Simon - Yes, very much. So, there are some cancers which are almost single-gene diseases. Perhaps the best example is chronic myeloid leukaemia where that is very much driven by a single gene and there are now very good drugs which inhibit that and make that to a great extent a manageable disease. But for many other cancers, because of these multiple mutations, yes, I think increasingly the way to go is going to be using combinations of different drugs which target these different signalling pathways inside the cell.

Chris - So, tell us a bit about your work in the sense that you're saying you're now trying to dive inside the cell, and unpick some of these - for want of a better phrase - tube maps to see how cells are doing what they're doing to find out ways of stopping them doing this train jumping trick.

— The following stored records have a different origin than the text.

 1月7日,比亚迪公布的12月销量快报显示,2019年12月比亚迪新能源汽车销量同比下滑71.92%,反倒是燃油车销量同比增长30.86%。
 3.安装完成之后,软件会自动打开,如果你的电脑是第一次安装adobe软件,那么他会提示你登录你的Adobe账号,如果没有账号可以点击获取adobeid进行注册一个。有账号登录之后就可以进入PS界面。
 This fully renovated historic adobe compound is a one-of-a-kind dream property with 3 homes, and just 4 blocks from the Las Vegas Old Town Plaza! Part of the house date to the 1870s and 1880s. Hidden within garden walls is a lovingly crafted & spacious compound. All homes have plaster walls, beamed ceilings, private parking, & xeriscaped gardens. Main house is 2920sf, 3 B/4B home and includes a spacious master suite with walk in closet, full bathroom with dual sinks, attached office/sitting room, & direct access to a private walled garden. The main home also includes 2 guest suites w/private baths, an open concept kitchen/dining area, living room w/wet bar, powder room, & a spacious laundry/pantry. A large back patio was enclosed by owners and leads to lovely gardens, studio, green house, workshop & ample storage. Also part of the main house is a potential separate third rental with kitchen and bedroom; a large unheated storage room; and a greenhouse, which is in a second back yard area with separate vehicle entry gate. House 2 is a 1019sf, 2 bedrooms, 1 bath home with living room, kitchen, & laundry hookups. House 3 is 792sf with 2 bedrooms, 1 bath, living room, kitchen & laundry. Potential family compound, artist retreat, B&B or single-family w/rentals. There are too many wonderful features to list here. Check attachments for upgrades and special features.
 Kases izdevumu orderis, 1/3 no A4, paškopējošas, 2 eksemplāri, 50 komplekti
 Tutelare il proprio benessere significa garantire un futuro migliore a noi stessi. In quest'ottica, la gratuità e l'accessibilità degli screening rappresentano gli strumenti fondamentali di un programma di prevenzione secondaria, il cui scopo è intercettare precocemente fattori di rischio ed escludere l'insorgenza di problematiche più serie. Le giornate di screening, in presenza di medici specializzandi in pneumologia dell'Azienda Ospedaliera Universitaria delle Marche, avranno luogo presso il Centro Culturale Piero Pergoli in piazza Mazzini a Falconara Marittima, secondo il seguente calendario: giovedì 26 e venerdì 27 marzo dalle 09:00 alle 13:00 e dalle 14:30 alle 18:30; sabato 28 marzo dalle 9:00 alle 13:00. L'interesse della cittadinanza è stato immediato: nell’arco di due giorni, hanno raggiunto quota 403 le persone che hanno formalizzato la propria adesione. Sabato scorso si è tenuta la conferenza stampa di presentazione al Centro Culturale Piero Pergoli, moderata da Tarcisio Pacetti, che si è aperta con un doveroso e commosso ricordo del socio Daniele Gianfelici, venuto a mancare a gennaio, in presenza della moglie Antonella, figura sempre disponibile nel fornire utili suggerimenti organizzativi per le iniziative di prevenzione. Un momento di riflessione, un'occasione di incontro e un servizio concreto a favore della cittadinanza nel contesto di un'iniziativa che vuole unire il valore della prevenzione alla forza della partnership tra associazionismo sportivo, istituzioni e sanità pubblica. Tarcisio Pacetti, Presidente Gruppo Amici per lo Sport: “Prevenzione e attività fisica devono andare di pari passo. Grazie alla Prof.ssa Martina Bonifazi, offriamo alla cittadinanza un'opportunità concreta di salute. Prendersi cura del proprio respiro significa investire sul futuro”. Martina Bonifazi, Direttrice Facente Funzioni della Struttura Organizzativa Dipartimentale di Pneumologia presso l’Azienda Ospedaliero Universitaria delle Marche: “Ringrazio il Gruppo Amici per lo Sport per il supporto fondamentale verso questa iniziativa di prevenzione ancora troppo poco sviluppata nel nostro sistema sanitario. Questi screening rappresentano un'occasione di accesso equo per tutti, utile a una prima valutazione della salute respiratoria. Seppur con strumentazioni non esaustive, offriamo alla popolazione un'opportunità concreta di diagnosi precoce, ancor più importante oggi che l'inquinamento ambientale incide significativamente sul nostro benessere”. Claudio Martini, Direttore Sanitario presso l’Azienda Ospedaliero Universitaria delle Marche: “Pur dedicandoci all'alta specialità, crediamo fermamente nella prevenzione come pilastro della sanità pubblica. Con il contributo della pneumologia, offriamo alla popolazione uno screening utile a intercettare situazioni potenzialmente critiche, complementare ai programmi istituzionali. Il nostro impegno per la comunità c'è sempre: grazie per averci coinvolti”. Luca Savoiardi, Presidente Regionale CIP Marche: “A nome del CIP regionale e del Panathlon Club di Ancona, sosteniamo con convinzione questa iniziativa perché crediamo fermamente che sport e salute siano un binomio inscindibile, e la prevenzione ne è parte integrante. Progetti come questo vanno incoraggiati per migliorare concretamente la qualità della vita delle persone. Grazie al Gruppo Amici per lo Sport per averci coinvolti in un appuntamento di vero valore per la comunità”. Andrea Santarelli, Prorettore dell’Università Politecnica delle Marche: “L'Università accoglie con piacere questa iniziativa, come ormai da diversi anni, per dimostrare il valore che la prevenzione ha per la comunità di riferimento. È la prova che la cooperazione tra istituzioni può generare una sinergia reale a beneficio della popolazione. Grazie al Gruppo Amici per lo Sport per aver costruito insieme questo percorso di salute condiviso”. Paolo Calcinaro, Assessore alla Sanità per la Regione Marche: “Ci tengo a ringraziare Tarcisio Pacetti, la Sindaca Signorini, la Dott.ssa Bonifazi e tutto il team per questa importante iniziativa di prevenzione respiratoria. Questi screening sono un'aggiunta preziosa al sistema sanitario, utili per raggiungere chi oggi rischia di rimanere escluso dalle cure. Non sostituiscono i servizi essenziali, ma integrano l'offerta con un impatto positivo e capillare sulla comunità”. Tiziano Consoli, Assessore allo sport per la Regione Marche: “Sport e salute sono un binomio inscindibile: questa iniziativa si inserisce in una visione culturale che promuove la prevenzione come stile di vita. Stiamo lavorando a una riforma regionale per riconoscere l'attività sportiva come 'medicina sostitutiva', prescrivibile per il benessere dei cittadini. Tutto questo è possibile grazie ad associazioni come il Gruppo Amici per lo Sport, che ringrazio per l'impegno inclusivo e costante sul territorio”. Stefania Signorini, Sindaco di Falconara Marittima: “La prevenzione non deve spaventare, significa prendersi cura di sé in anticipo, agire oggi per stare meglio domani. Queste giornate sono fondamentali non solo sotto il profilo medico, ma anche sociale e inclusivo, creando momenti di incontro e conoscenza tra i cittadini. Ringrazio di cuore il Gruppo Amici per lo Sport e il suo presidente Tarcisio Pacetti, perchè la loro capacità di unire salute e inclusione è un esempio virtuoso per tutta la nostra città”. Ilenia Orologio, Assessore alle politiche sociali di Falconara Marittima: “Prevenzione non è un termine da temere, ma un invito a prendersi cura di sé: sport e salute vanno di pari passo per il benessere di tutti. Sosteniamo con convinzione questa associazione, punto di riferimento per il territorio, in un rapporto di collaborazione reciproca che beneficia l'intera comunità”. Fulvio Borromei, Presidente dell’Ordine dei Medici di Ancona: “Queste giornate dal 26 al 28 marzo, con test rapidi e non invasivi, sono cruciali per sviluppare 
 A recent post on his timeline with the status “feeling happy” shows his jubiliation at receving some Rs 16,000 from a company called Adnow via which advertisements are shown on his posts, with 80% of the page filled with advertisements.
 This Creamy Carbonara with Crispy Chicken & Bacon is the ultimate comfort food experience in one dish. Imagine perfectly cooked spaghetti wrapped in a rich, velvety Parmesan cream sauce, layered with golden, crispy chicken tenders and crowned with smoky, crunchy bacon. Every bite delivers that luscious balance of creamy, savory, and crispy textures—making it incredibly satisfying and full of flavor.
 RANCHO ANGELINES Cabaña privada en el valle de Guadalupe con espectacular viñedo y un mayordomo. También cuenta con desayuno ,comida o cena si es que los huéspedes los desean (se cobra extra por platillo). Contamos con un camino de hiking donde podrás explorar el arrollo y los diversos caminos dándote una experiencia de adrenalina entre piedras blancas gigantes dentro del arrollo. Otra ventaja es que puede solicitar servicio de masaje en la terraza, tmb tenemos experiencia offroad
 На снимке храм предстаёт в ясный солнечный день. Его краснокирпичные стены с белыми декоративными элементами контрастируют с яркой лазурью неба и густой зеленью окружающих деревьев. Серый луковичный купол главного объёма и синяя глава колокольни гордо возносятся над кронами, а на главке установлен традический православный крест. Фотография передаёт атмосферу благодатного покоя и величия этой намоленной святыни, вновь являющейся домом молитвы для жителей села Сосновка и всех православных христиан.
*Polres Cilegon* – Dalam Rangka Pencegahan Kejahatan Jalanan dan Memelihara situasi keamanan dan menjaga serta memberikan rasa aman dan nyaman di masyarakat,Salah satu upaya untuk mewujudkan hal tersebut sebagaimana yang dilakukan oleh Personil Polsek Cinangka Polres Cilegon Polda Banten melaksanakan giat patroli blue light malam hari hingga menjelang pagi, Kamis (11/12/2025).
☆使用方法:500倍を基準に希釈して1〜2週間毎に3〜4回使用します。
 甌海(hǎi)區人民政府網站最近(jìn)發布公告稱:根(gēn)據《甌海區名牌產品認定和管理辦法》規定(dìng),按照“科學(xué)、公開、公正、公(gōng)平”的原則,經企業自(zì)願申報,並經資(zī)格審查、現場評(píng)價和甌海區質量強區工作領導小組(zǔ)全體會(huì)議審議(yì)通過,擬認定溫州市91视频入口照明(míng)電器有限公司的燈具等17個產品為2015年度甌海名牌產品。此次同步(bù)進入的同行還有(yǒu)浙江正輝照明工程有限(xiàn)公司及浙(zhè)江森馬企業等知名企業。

Simon - That's exactly right. So, we're growing human tumour cells in the laboratory and we're treating them with some of the very new specific drugs, and we're generating resistant human tumour cell lines in the laboratory then actually analysing how they've remodelled their tube map, how they remodel their signalling pathways, which pathway they're now using, is that pathway a pathway which we can inhibit with another drug so that if we can understand how tumour cells respond and react, and acquire resistance to drug A, and if we can identify the mechanism by which they're doing it, then that may actually validate using drug B as well.

Chris - What about the fact that many cancer biologists will say that a common misconception is to call cancer one disease? There are many, many different types of cancers in different types of tissues which can all have different origins, and therefore, one drug does not treat all.

Simon - That's absolutely true. I think this is perhaps an area where the general public are less aware that in fact, for example, lung cancer is not just one form of cancer. There's non-small cell lung cancer and there's small lung cancer. There are now, for some forms of non-small cell lung cancer, very good drugs which can often give quite good responses, but those drugs are no good against small cell lung cancer. The same applies with breast cancer, the same applies with colorectal cancer. These different types of colon cancer are driven by different driving oncogenes; different driving cancer genes and therefore, drugs which work for one form won't necessarily work for another.

Chris - So, this whole idea of personalised medicine and tailoring therapies to individual diseases is probably the way it's got to go, but it's going to get very costly.

西蒙-毫无疑问,是的。我认为一些人规范ulate that in the future, a patient coming in to the clinic to start with will have that tumour typed to work out which mutations are there and this will tailor them to a particular drug or combination of drugs. And presumably, that will happen for every person because it will potentially be different for every person. And by necessity therefore, it's taken a lot of time and effort, and money to generate these drugs and so, I guess understandably, drug companies are going to want to see a return on that investment.

Chris - Some people say, just to finish this off, there's never been a better time to get ill, really. Would you agree?

Simon - I think it's a very exciting time in cancer therapy because we're seeing a return of 20 years, 25 years of research to actually understand what's causing cancer. We now understand in many cases and we now have very good therapies coming through because of that understanding. So yes, I could see why they might say that.